Brexit, aka, the UK Becomes a Clown Car of the Highest Order

I have none and honestly, can’t be bothered to search for any - if indeed any “proof” exists. I was just stating my opinion :)

Feels dont overcome facts when it comes to decades of regulatory, customs and economic integration funnily enough.

Also, the Millenium Bug analogy has already been debunked.

Totally fair. I am firmly Remain but I have no idea if there will be chaos in the streets.

I do believe Brexit would reduce the UK’s GDP and standard of living for the foreseeable future however. But its just a belief.

What is a fact is I would have my rights as an EU citizen stripped from me, which is why I am so pro Remain and will support any party that wants to stop or (if the worst happens) undo Brexit and get us to re join the EU. I want my rights back.

The linked article is poor. It uses the term fact-checked but it’s all just opinion. With the Millenium Bug the variables were too many and the scope too vast to give a concrete determination even after the fact. Some countries did little to no Millennium Bug planning (obviously not wise) but instead fixed problems as they arose and suffered no major incidents (as far as I know). So there is also argument that it cost a lot of money needlessly - but I think that’s fine. The worst was planned for and consequently averted.

I liken Brexit to the Millennium Bug because:
a) there was advanced notice and planning
b) safety critical systems were prioritized
c) at the time there was a similar level of fear and panic in the press

The difficulty with Brexit is that there is obvious bias involved. If you’re pro Remain you’re going to talk up the terrible things that will happen because it promotes your political stance. This makes it even harder to determine the actual reality.

I base my (obviously unqualified, purely bystander) opinion on the following:
a) planning (as outlined above)
b) the UK existed just fine before the EU
c) all of the problems are bureaucratic or logistical and hence solvable
d) it’s beneficial to both sides to facilitate trade (in goods, services, intelligence etc)
e) the immense pressure that will be on the government and the EU to solve major problems quickly if any do arise

Will there be economic impact? Highly likely.
Will the sky fall in? No
I guess we’ll find out in March.

Also totally fair :)
Out of curiosity could you give some examples of the type of rights you mean?
EDIT: I don’t mean a list of all the EU citizen rights - I just mean the ones that are important to you.

For example the right to live and work in any EU country? That’s a pretty big deal.

Yes, freedom of movement. I do think that is a wonderful thing but to me as an individual it’s not important. I can understand the Brexiteer argument that it’s the price you pay for stricter control of EU immigration and greater control over UK law, trade agreements etc

I can also understand that’s a good reason to be pro Remain if you’re considering moving to/and or working in the EU as a UK national.

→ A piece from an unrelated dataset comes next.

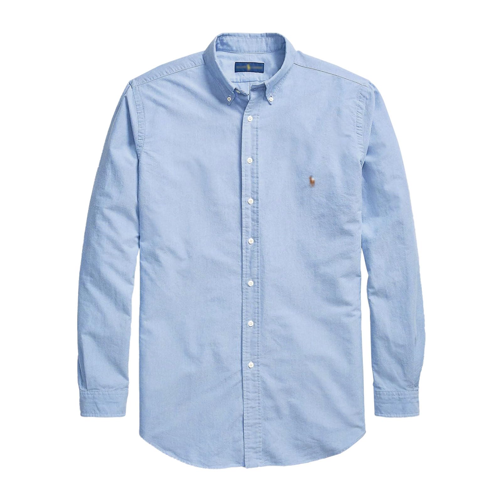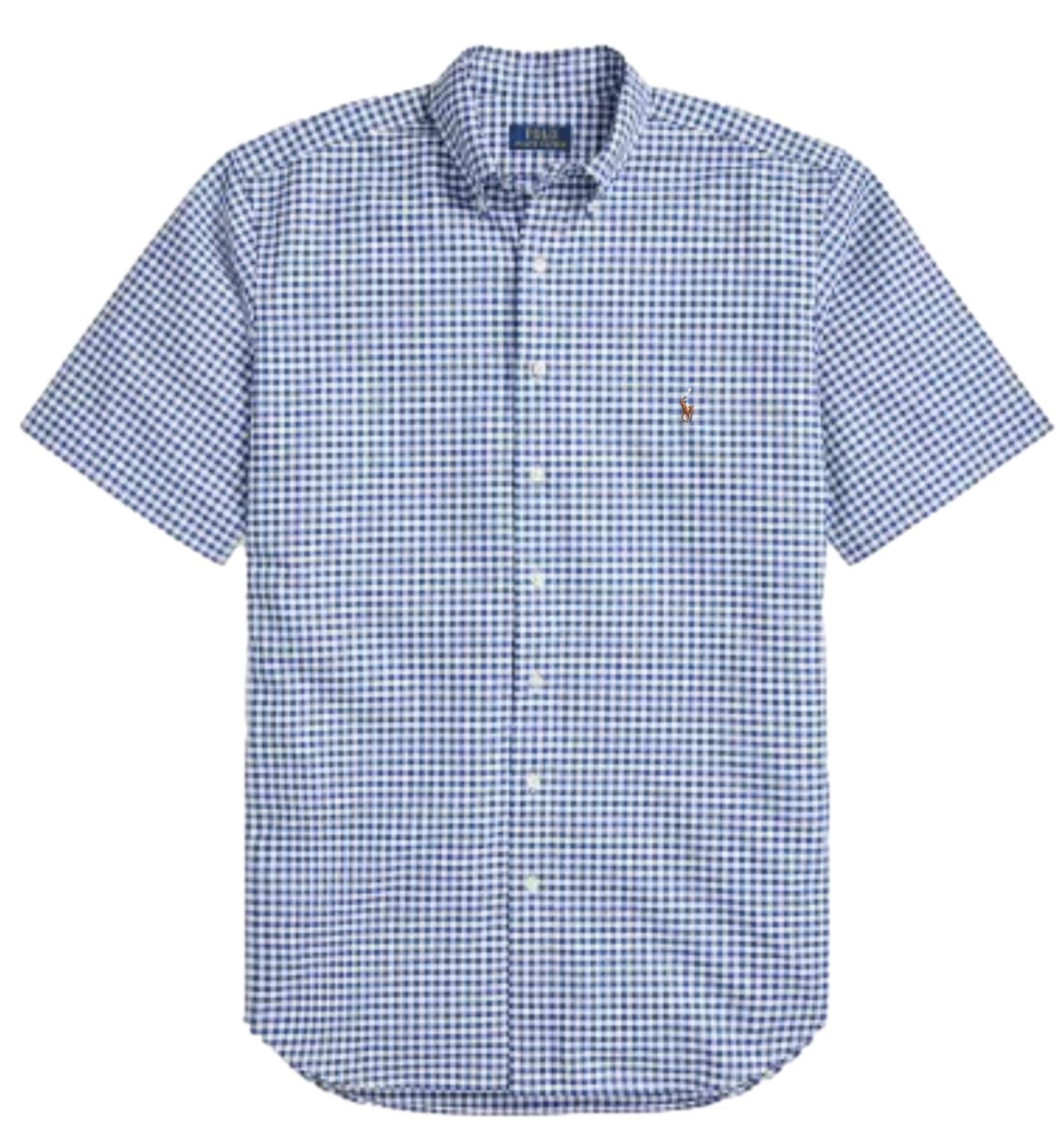 - Plaid pattern in blues and white. Machine washable. 100% Cotton. Polo pony embroidered on left chest. Button-front style with button-down collar.

No there hasn’t been sufficient planning, time, resources or investment. I linked proof above. The links to the national agencies like NAO readiness reports, and the endless quotes and reports from organisations, regulators, professionals, associations, bodies and experts in this thread you refuse to read or believe.

We expended billions of pounds and millions of manhours on the millenium bug, that’s why it wasn’t a disaster.

Freedom of movement and the right of residency. Thats really the primary one I care about. For my line of work having the right to go work and live in the EU is a huge deal.

This is simply wrong. As someone who worked through the Millenium Bug:

  • we knew for years it was coming
  • it was a very clearly defined problem of limited scope
  • it was entirely within our own power as a business to remedy

None of those attributes applies to a no-deal Brexit.

I worked through the Millennium Bug too, on affected systems ;)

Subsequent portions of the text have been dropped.